**Work task:**
Copy word for word the lines of the records below, beginning at the one with "thumbs-up on meadow" and finishing at the one with "Description: the Twelfth", ends included, but none of the pictures.

**Material supplied:**
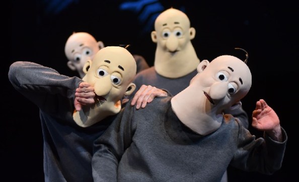 Hatalmas összecsiszoltságot láthatunk a deszkákon, ahogy együtt mozog az öt színész. Ugyanis míg az épp aktuális Gusztávunk tesz-vesz egy adott jelenetben, addig hárman – a maszkjukat mellőzve – a zenei aláfestésről gondoskodnak a világ összes kellékével a biciklicsengőtől a reklámhangokig. Zörejek, nyikorgások, placcsanások – a hangforrás mindig egy-egy színész. Aki pedig abból kimarad, az a vetítéssel foglalatoskodik, a legtöbb jelenethez ugyanis kapunk egy kis vizuális segítséget, kiegészítést is. Így a nézők is bepillanthatnak kicsit a kulisszák mögé, engedéllyel. Mindannyian kiválóan helytálltak, adtak egy egészet, mikor kellett, mégis lenyűgözött egyedi mozgáskultúrájuk, ahogy saját feladataikat megoldották. Öten együtt adták az igazi Gusztáv-élményt.
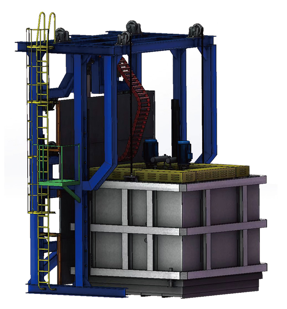 This furnace is applicable for gas carburizing,quenching ,normalizinghardening, annealing processes of many kinds of large parts.It removed trays which used to be repeatedly heated together with parts and cooled, so the energy saving is very remarkable.Rail-mounted FLT charging cart use a better design.When the parts from the heating furnace to the quenching tank,Rail-mounted FLT charging cart can directly transfer the parts after lifting it,The parts can be quenched in a very short time.
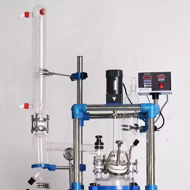 Réacteur en verre de châssis en acier inoxydable d'une capacité de 10L à 50L Réacteur à réservoir contrôlé par PLC Moteur à doublure à double couche personnalisé
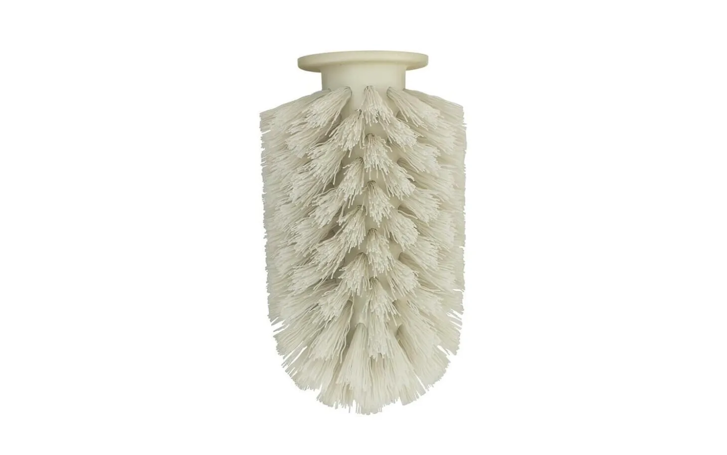 Dette børstehoved til Ballo-toiletbørsten har en særlig flad, cirkulær base, der sikrer stabil placering. Den cylindriske form med spiralformede børster giver en grundig og effektiv rengøring af toiletkummen.
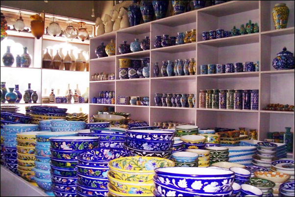 Мудрый правитель привез из Агры искусных гончаров, которые прославили регион изумительной бело-голубой керамикой. Эти предметы хоть и называются керамикой, но сделаны они без использования глины. В их состав входит кварц, известь, бикарбонат соды и фуллерова земля (флоридин). Изделия включают тарелки, вазы, фруктовые чаши, кувшины, мыльницы, глазурованную плитку и многое другое. Главным центром производства голубой керамики в Раджастане является Джайпур (Jaipur). Санганер, Махалан и Неота (Sanganer, Mahalan, Neota.) несколько уступают Джайпуру, однако их изделия также популярны. От изумительно бело-голубых, а порой с бирюзовым оттенком керамических изделий веет духом старинной Индии.
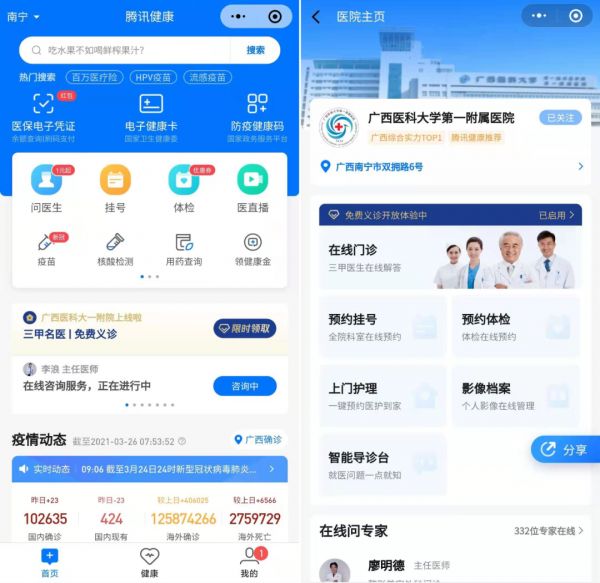 新冠肺炎疫情讓“互聯(lián)網(wǎng)+醫(yī)療健康”駛上了快車道。2020年12月,國家衛(wèi)生健康委聯(lián)合國家醫(yī)療保障局、國家中醫(yī)藥管理局發(fā)布《關(guān)于深入推進“互聯(lián)網(wǎng)+醫(yī)療健康”“五個一”服務(wù)行動的通知》,要求加快推進線上線下一體化的醫(yī)療服務(wù)模式,推動便民惠民醫(yī)療服務(wù)向縱深發(fā)展。去年疫情改變了人們的就醫(yī)方式,廣西醫(yī)科大學(xué)第一附屬醫(yī)院(以下簡稱廣西醫(yī)科大一附院)也在疫情期間迅速推出了在線問診服務(wù),為患者和醫(yī)生打開了一扇交流的窗口,并在隨后進一步通過騰訊健康服務(wù)平臺,建設(shè)起了完整的互聯(lián)網(wǎng)醫(yī)院,整合了診療全流程的各種場景,為患者提供線上線下一體化的服務(wù)。
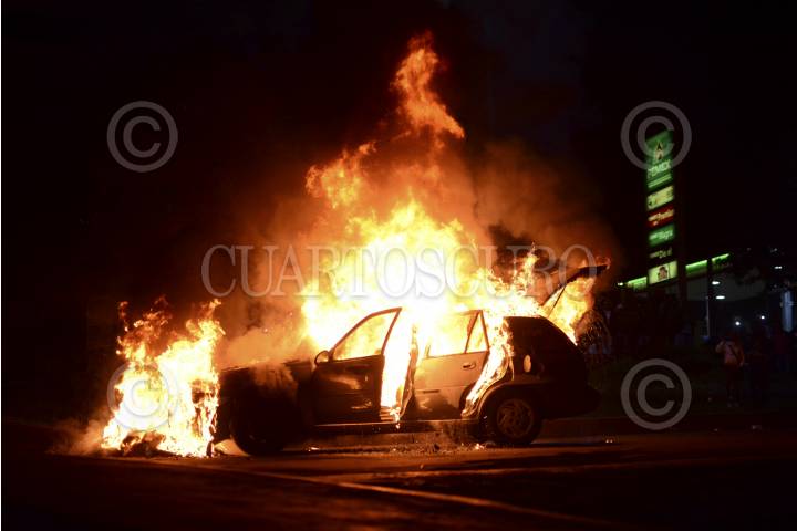 XALAPA, VERACRUZ, 23NOVIEMBRE2016.- Empresarios y sindicalizados quemaron esta noche un automóvil en las afueras de la Secretaría de Finanzas y Planeación del Estado de Veracruz como medida de presión exigiendo el pago de adeudos que mantienen con ellos, los inconformes se manifestaron desde la mañana de este miércoles. FOTO: ALBERTO ROA /CUARTOSCURO.COM
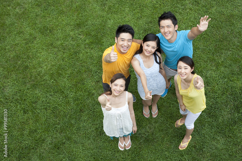 © Blue Jean Images, Fototapeta premium Young people doing thumbs-up on meadow
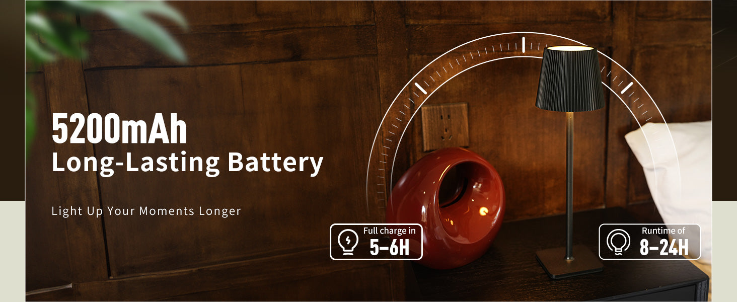 - Sustainable and Powerful Battery Lamp – Our eco-friendly LED table lamp features a powerful 5200mAh battery that charges in just 5-6 hours via the modern USB-C port. Experience up to 40 hours of light, allowing you to enjoy your time uninterrupted without constantly searching for an outlet
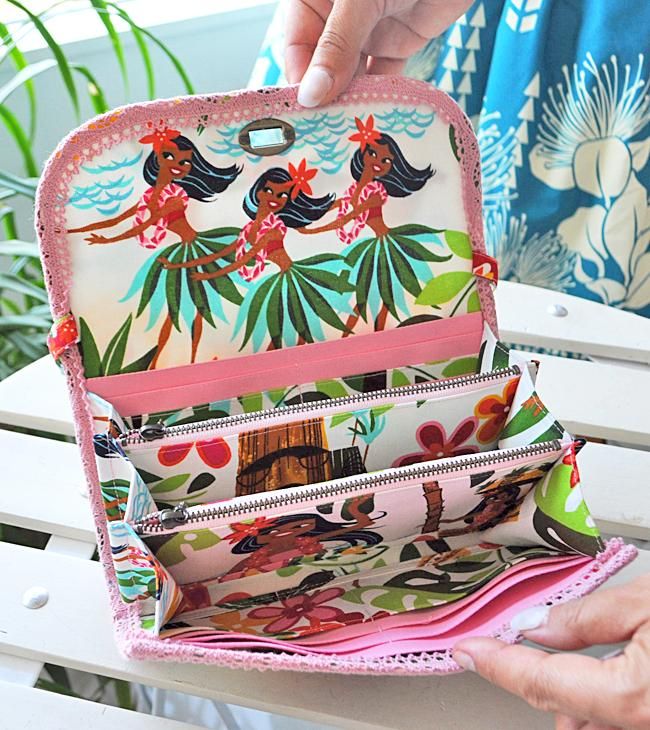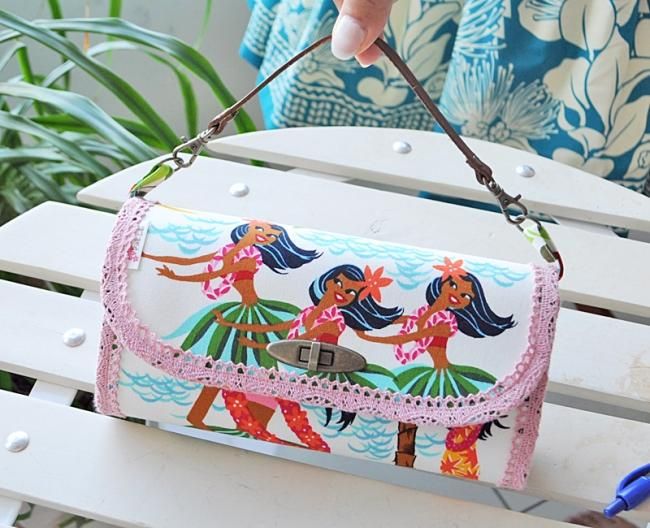 TOP > Pink Lei 【1点もの】アレクサンダーヘンリー/スマホも入るお財布ポーチ(S)#1(フラガール柄・白)
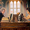 Description: the Twelfth Doctor and Bill sitting across from each other in the Twelfth Doctor's office, light streaming in from the window
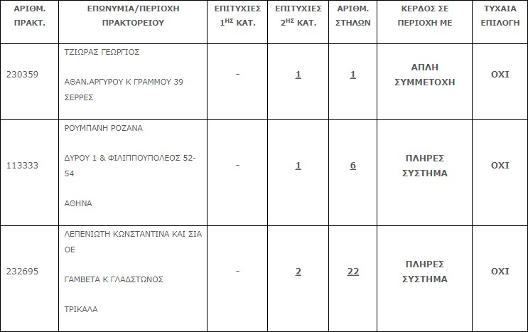 Επίσης στην δεύτερη κατηγορία (5άρια) βρέθηκαν έξι (6) τυχερά δελτία, εκ των οποίων το ένα φέρει δύο (2) επιτυχίες και τα οποία κερδίζουν το ποσό των €11.454,79 για κάθε επιτυχία.
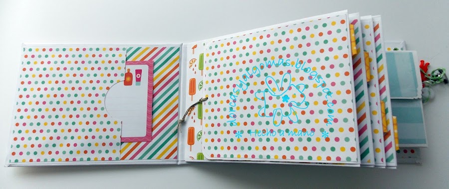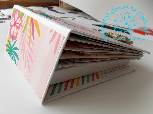 Hoy os traigo un mini álbum que realicé en el taller impartido por Marta González en Bricolor (Ponferrada). Para este mini álbum usé la colección "Mi Paraíso" de Anita y su mundo. Lleva la encuadernación en espina. Disfruté mucho con mis compañeras de taller haciendo este álbum.
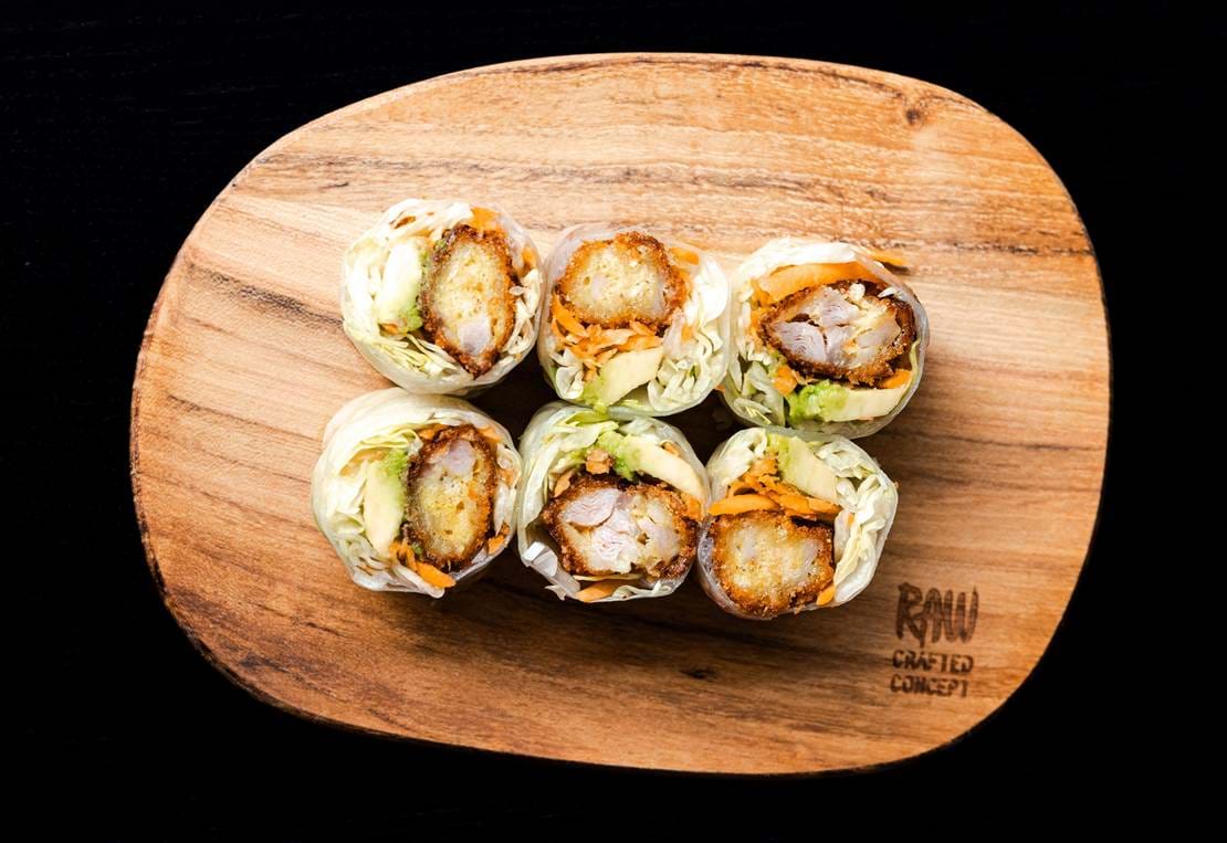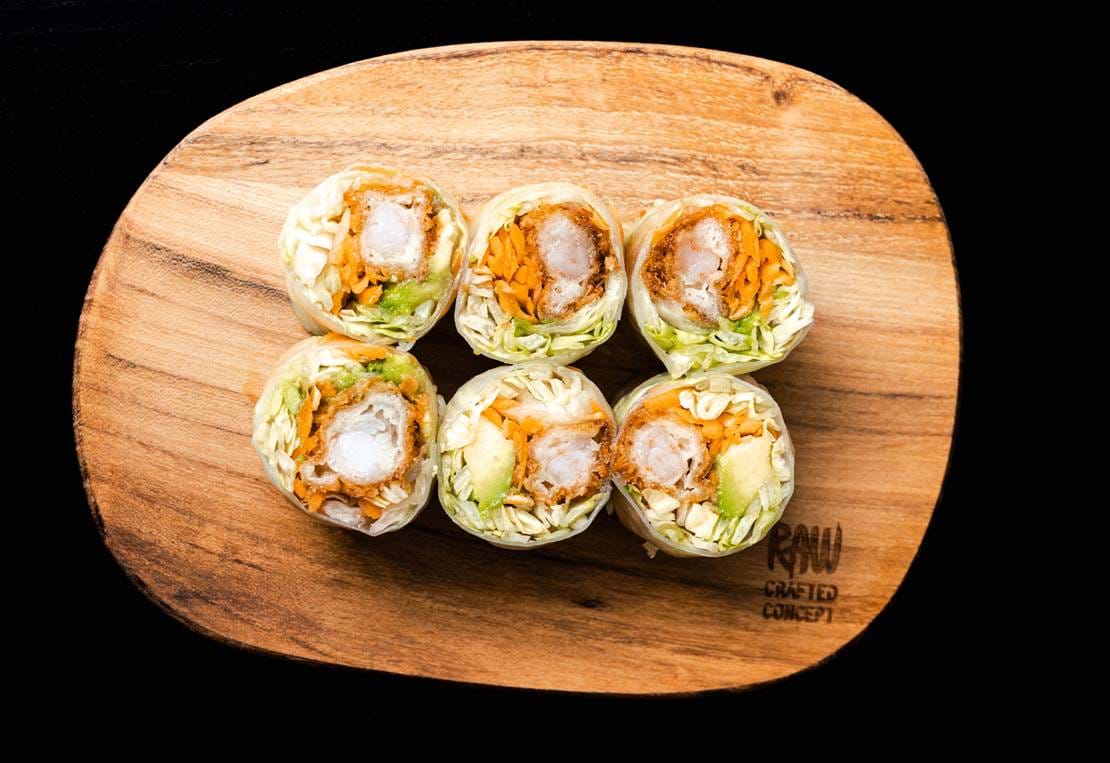 Crispy rejer, avokado, agurk, spæde salatblade og spicysauce.

**Answer to this task:**
 © Blue Jean Images, Fototapeta premium Young people doing thumbs-up on meadow
 - Sustainable and Powerful Battery Lamp – Our eco-friendly LED table lamp features a powerful 5200mAh battery that charges in just 5-6 hours via the modern USB-C port. Experience up to 40 hours of light, allowing you to enjoy your time uninterrupted without constantly searching for an outlet
 TOP > Pink Lei 【1点もの】アレクサンダーヘンリー/スマホも入るお財布ポーチ(S)#1(フラガール柄・白)
 Description: the Twelfth Doctor and Bill sitting across from each other in the Twelfth Doctor's office, light streaming in from the window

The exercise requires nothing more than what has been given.